Table 3. Sum rate comparison for suburban environment.

SNR	OMA${}_{80\mathbf{m}}$	OMA${}_{120\mathbf{m}}$	NOMA	Percentage Improvement (80 m)	Percentage Improvement (120 m)
0	1.3964	1.2112	2.4111	42.08%	49.77%
5	3.9619	3.4893	6.7874	41.63%	48.59%
10	10.1226	8.9331	15.786	35.88%	43.41%
15	20.6275	18.9403	28.591	27.85%	33.75%
20	34.9609	32.6579	43.9261	20.41%	25.65%

,

Table 4. Sum rate comparison for urban environment.

SNR	OMA${}_{80\mathbf{m}}$	OMA${}_{120\mathbf{m}}$	NOMA	Percentage Improvement (80 m)	Percentage Improvement (120 m)
0	1.2376	1.152	2.1064	41.25%	45.31%
5	3.774	3.2793	5.3827	29.89%	39.08%
10	9.4486	8.6886	13.7745	31.41%	36.92%
15	20.1091	18.5457	24.8915	19.21%	25.49%
20	33.5871	31.8631	38.783	13.40%	17.84%

and

Table 5. Sum rate comparison for dense urban environment.

SNR	OMA${}_{80\mathbf{m}}$	OMA${}_{120\mathbf{m}}$	NOMA	Percentage Improvement (80 m)	Percentage Improvement (120 m)
0	1.259	1.0674	1.7033	26.08%	37.33%
5	3.5599	3.0732	4.7133	24.47%	34.80%
10	9.6177	8.254	13.5567	29.06%	39.11%
15	19.6127	17.8929	24.684	20.54%	27.51%
20	33.8681	31.4524	37.7492	10.28%	16.68%

. Numerical results show that the proposed HUAO-based user pairing outperforms and the performance improvement for all the environments is listed in the tables.

4.3. Impact of Environments: NOMA vs. OMA

The sum rate comparison is carried out for three different environments in Figure 7 for an altitude of 80 m for OMA-UAV. The significant performance improvement of NOMA can be seen clearly where it gives better performance for suburban environment at OMA-UAV altitude of 80 m. User pairing is optimized through PSO and the simulations show that NOMA gives performance improvement of 42% for suburban, 30.78% for urban, and 26.1% for the dense urban environment.

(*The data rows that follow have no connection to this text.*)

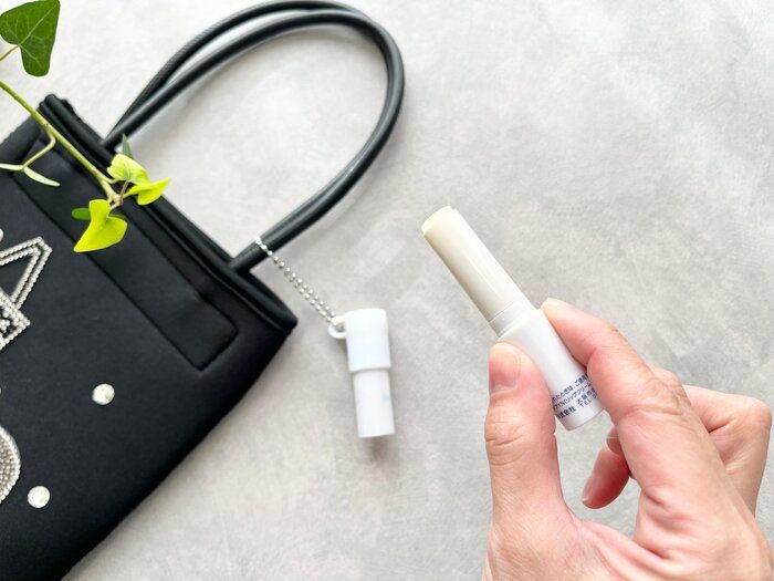 それにリップクリームの定位置が決まることで、ポケットやバッグの中を探すという無駄な時間がいらなくなります。バッグの持ち手にボールチェーンを取り付けて、リップクリームが隠れるようにバッグの中に入れてしまえば、さりげなくリップクリームを持ち運ぶこともできます。
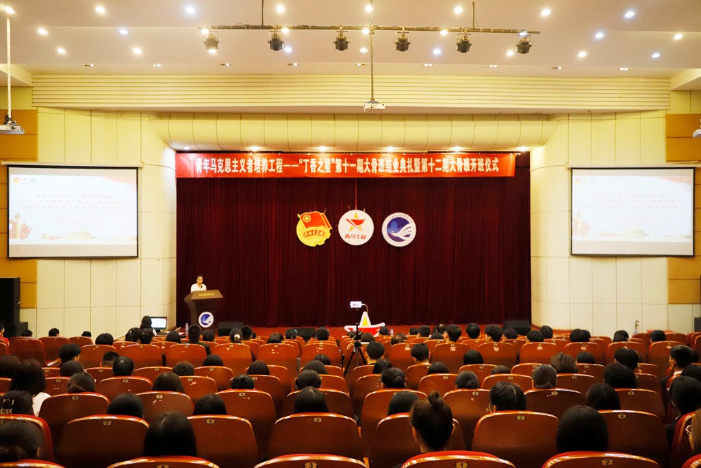 为深入推进“青年马克思主义者培养工程”,让大学生骨干成为合格的马克思主义接班人,进一步加强我校大学生队伍的建设,5月12日下午,学校团委在学术报告厅举行青年马克思主义者培养工程——“丁香之星”第十一期大骨班结业典礼暨第十二期大骨班开班仪式。团委、学生工作部(处)、各二级学院党总支相关负责人、专职团干及第十一期、第十二期全体大骨班学员参加仪式。
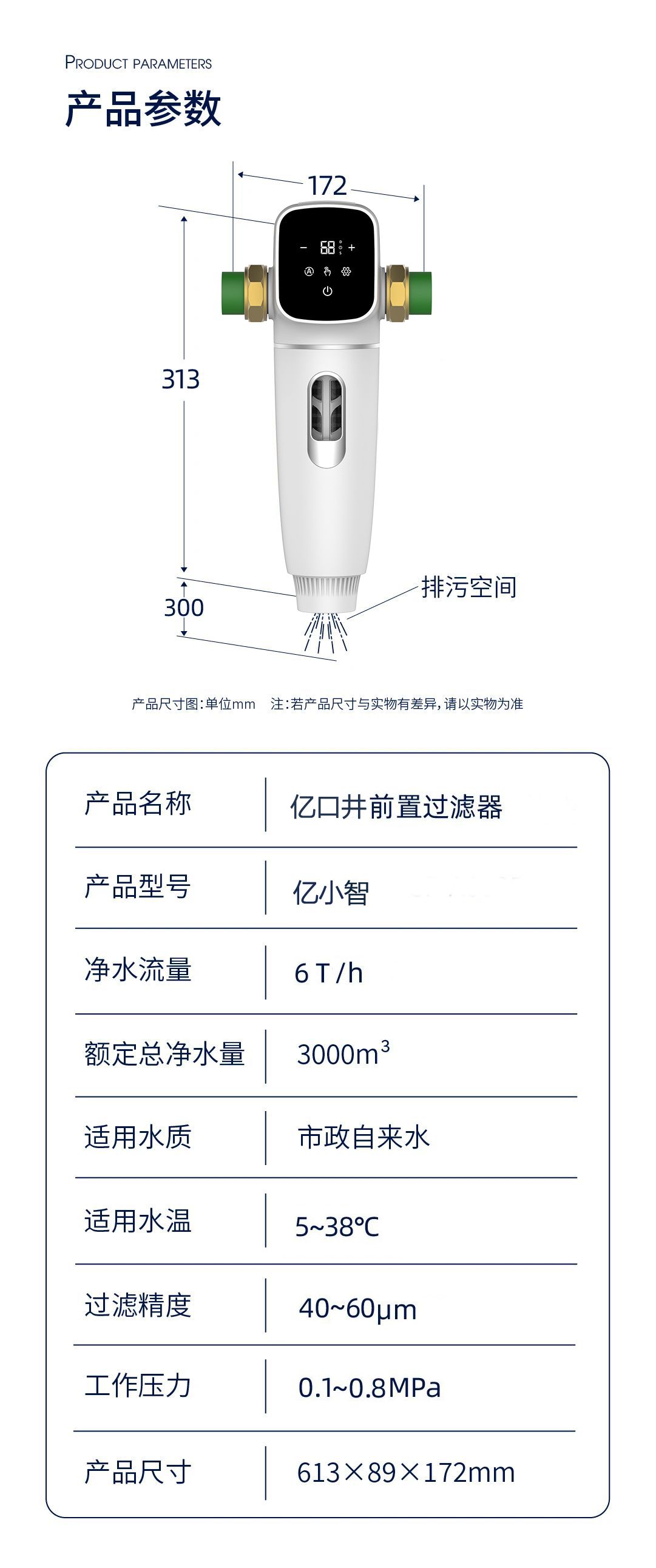 产品名称:亿口井前置过滤器
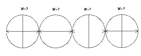 Теперь представим бесконечное множество одинаковых вращающихся систем ("колес"), которые характеризуются одинаковыми мерами [м], оси которых располагаются на прямой, перпендикулярно к ней. Наше рассмотрение чисто классическое, ведь мы хотим вывести классическую характеристику вращения (которая только в неклассическом случае псевдоевклидовой плоскости проявит себя как предельная константа S), поэтому нет ничего удивительного, что мера расстояния будет общей для всех систем (радиус "колеса"). Эта мера в нашем случае будет играть ту же роль, что и время для множества инерциальных систем. "Одновременность" здесь будет выступать, как "синхронизация" - положение, когда радиусы "колес" лежат на общей прямой, через точки которой проходят оси.
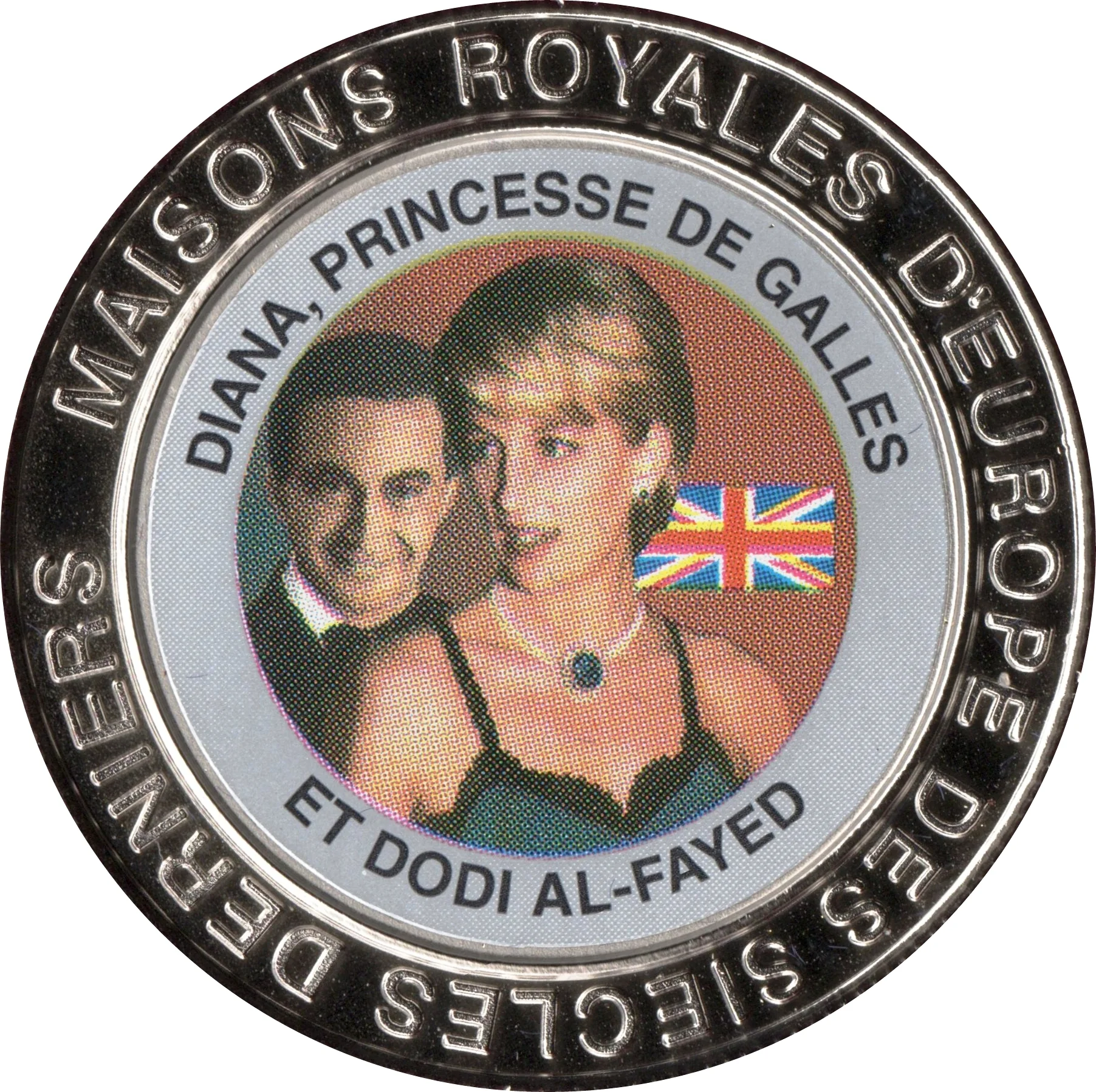 Portrait of Princess Diana and Dodi Al-Fayed inside a circle.
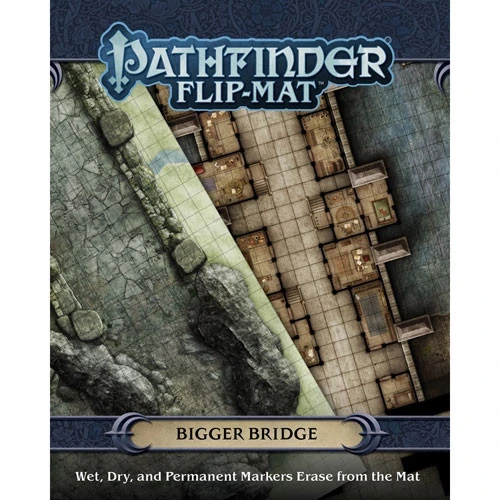Whether players are traversing a giant’s byway on a high mountain pass or braving the bustle of a cosmopolitan span, the possibilities for adventure are endless with Pathfinder Flip-Mat: Bigger Bridge. With an area that’s 45% larger than normal Pathfinder Flip-Mats at their disposal, Game Masters can now dream even bigger! This massive gaming accessory presents a wide causeway over a perilous mountain drop and a city bridge complete with shops and workshops teetering on its edges.
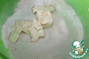 Добавляем сахар и сливочное масло, порубленное кусочками, перемешиваем.
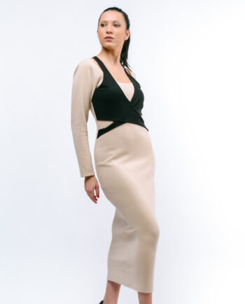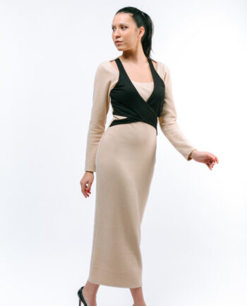 Önü büzməli, uzun qollu, qısa yırtmaclı uzun libas. Rəng: Açıq mavi gümüşü qarışıq. Parça: Azimut. Maniken: Bədən 38, Boy 170sm. Yuyulma qaydası: 30 dərəcədə tərs üzdən yuyulmalı və ütülənməli.
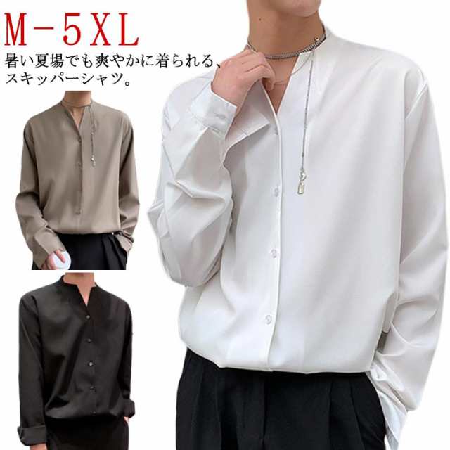 シャツ スタンドカラー 襟なしシャツ スキッパー ノーカラー カジュアルシャツ 長袖 メンズ 夏 シャツ 薄手 おしゃれ Vネック 長袖シャツ 前開き シャツ トップス ゆったり 大きいサイズ 春夏秋 春服 夏服 秋服 ビジネス カジュアル
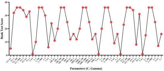 Support Vector Machine (SVM) algorithm is one of the most widely used classification and regression algorithms. SVM uses a maximum margin concept to categorize the data into different labels. The classifier aims to build a maximum optimal hyperplane. An optimal hyperplane is a line that has the maximum margin between the vectors of the two classes. However, sometimes the data in not linearly separable; therefore, different kernel function is used to convert the non-linearly separable data into linearly separable. SVM has the capacity to perform better with the high dimension datasets. In this study, a “linear” kernel was used. The SVM model contains a huge number of parameter and an optimal selection of these parameters greatly enhances the performance of the algorithm []. Therefore, Grid search optimization technique was used. Grid search was applied on the “C” and “Gamma” parameters using the selected features. Moreover, Figure 2 indicates the rank test score results of the model with grid search on C and Gamma parameters and provides the best rank value = 1 with those value pairs of parameters (C = 1, Gamma = 0.1), (C = 5, Gamma = 0.1), (C = 0.5, Gamma = 0.1), and (C = 2, Gamma = 0.1). Finally, C = 1 and Gamma = 0.1 were selected for model training.
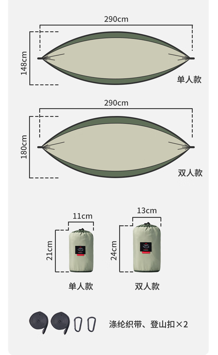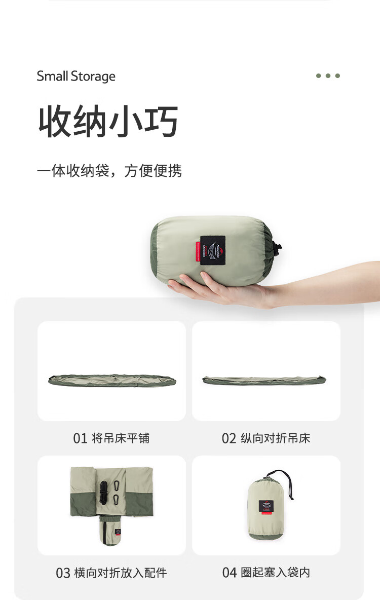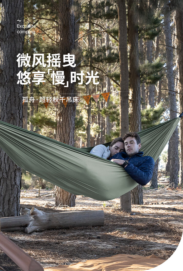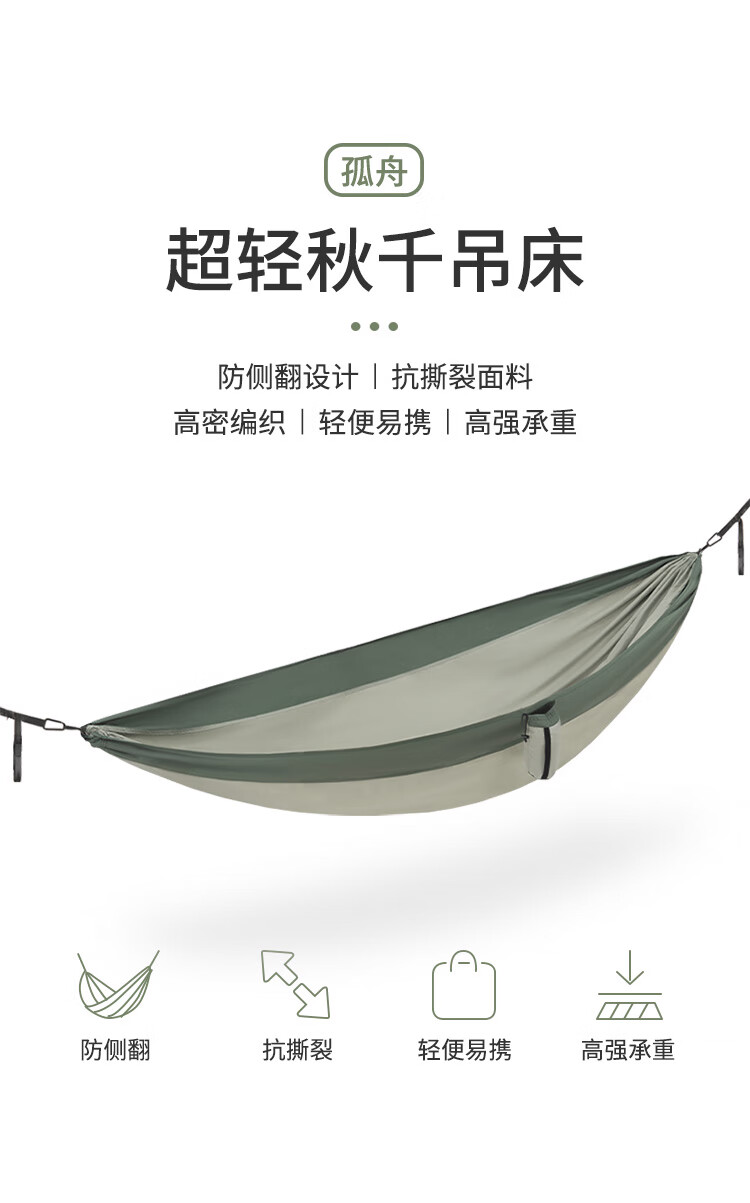 NatureHike挪客超轻吊床户外野外野营露营秋千 单双人防侧翻大学生宿舍吊床 单人-浅豆绿(织带款)

4.4. Optimized NOMA Altitudes

The data rate achieved in OMA at 80 m and 120 m altitudes are taken as reference or target thresholds for the NOMA. The optimized NOMA altitudes are evaluated for the reference OMA altitudes, given in

Table 6. Optimized NOMA altitudes.

OMA	NOMA
	Suburban	Urban	Dense Urban
80 m	43.3014 m	94.2402 m	119.1598 m
120 m	49.7267 m	103.4393 m	158.4576 m

.

5. Conclusions

In this paper, a comparative analysis of the GA and PSO is presented for user pairing in a NOMA-based UAV communication system. The problem of joint-user pairing and altitude optimization is formulated, whereby the user pairing is done through GA and PSO, and the altitude is optimized through an interior point algorithm. The simulations prove the superiority of the proposed HUAO algorithm and PSO gives better improvement in the sum rate as compared to the GA. Sum rate performance of the suburban environment is better than the urban and dense urban environments.